Items from a dataset:
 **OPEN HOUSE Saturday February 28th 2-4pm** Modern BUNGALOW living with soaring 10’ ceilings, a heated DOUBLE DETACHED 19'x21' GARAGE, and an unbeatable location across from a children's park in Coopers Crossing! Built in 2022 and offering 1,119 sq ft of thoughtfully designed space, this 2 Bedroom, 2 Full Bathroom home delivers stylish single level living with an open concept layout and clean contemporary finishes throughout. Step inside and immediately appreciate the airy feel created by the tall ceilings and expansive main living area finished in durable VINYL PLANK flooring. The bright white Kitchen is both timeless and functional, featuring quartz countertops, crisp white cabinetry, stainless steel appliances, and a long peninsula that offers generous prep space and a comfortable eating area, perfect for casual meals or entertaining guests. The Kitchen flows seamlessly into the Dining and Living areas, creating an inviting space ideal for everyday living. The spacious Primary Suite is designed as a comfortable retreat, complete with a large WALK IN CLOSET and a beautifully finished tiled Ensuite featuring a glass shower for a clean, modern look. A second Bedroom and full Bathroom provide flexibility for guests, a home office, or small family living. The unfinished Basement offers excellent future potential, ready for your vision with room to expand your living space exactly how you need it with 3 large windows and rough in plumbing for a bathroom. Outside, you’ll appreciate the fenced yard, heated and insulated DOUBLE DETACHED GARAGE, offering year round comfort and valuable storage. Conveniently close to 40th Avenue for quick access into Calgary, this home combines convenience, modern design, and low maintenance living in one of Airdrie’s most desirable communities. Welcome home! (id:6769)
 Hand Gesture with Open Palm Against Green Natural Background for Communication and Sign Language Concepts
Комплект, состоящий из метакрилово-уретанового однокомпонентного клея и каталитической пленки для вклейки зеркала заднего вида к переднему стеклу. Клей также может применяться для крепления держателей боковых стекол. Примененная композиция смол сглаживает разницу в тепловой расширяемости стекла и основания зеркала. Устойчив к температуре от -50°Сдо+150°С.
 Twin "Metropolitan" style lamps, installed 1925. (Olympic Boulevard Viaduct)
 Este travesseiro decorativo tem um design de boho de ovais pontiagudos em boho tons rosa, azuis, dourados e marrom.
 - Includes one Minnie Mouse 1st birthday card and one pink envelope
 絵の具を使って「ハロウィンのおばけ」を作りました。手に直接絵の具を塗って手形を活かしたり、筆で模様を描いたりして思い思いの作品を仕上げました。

- **How to complete this task**: Print exactly the lines of the records from the one containing "Hand Gesture with" through the end, and nothing besides them.

- **Finished task**:
 Hand Gesture with Open Palm Against Green Natural Background for Communication and Sign Language Concepts
Комплект, состоящий из метакрилово-уретанового однокомпонентного клея и каталитической пленки для вклейки зеркала заднего вида к переднему стеклу. Клей также может применяться для крепления держателей боковых стекол. Примененная композиция смол сглаживает разницу в тепловой расширяемости стекла и основания зеркала. Устойчив к температуре от -50°Сдо+150°С.
 Twin "Metropolitan" style lamps, installed 1925. (Olympic Boulevard Viaduct)
 Este travesseiro decorativo tem um design de boho de ovais pontiagudos em boho tons rosa, azuis, dourados e marrom.
 - Includes one Minnie Mouse 1st birthday card and one pink envelope
 絵の具を使って「ハロウィンのおばけ」を作りました。手に直接絵の具を塗って手形を活かしたり、筆で模様を描いたりして思い思いの作品を仕上げました。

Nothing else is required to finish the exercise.